Libya, in some ways feels like Macondo to me. Superficially, this are hardly comparable events as one involves the change of power in a nation and the other a well control situation gone wrong. Deeper than that is the difficulty with truly robust emergency response plans. How do you properly plan for and respond to crises that have never been seen before? Related to this, but going still slightly deeper is how do you properly predict and plan for very low probability events?

By low probability, I only mean that on any given day or week or month these incidents (radical government change, catastrophic well control failure) are unlikely to occur. However, given enough time, activity, and repetition, these events actually become almost inevitable.
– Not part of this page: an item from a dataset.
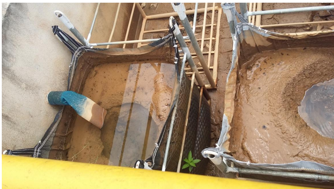
DETALHE DOS "BAG'S" PARA DESÁGUE DE LODO DOS DECANTADORES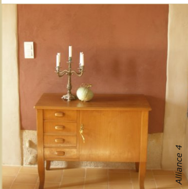
Colorés avec des pigments, les enduits à l'argile offrent des teintes sourdes et mat.

What happened at Macondo to Deepwater Horizon is our generation's Piper Alpha. Drill enough wells, take enough risks, skirt enough safety protocols and this will happen. I previously discussed this concept and still stand by the assertion that while Macondo was a low probability event, it was almost certain that it was going to happen eventually. It is only the exact when and where that cannot be foreseen.

Similarly, the continually slipping control of power for Gaddafi and its implications for Libya seem like they should have been viewed as inevitable. Obviously, hindsight makes this assertion seem easy but let's review the options. The removal from power of a 40+ year leader of a country creates a huge vacuum within a nation's structure and leadership. Regardless of this occurring due to natural causes, military coup, or popular uprising, the resulting loss of structure is what can be predicted. Yes, the nature of the change strongly dictates how the transition will go and what the end-state will be (democracy, military rule, chaos, protracted civil war etc), but at the very least short-term instability is almost certain. (Related question: What happens in North Korea, Cuba, Venezuela, or large portions of this list when power changes hands? Bonus question: What do the leaders of those countries think about what is happening in Libya?)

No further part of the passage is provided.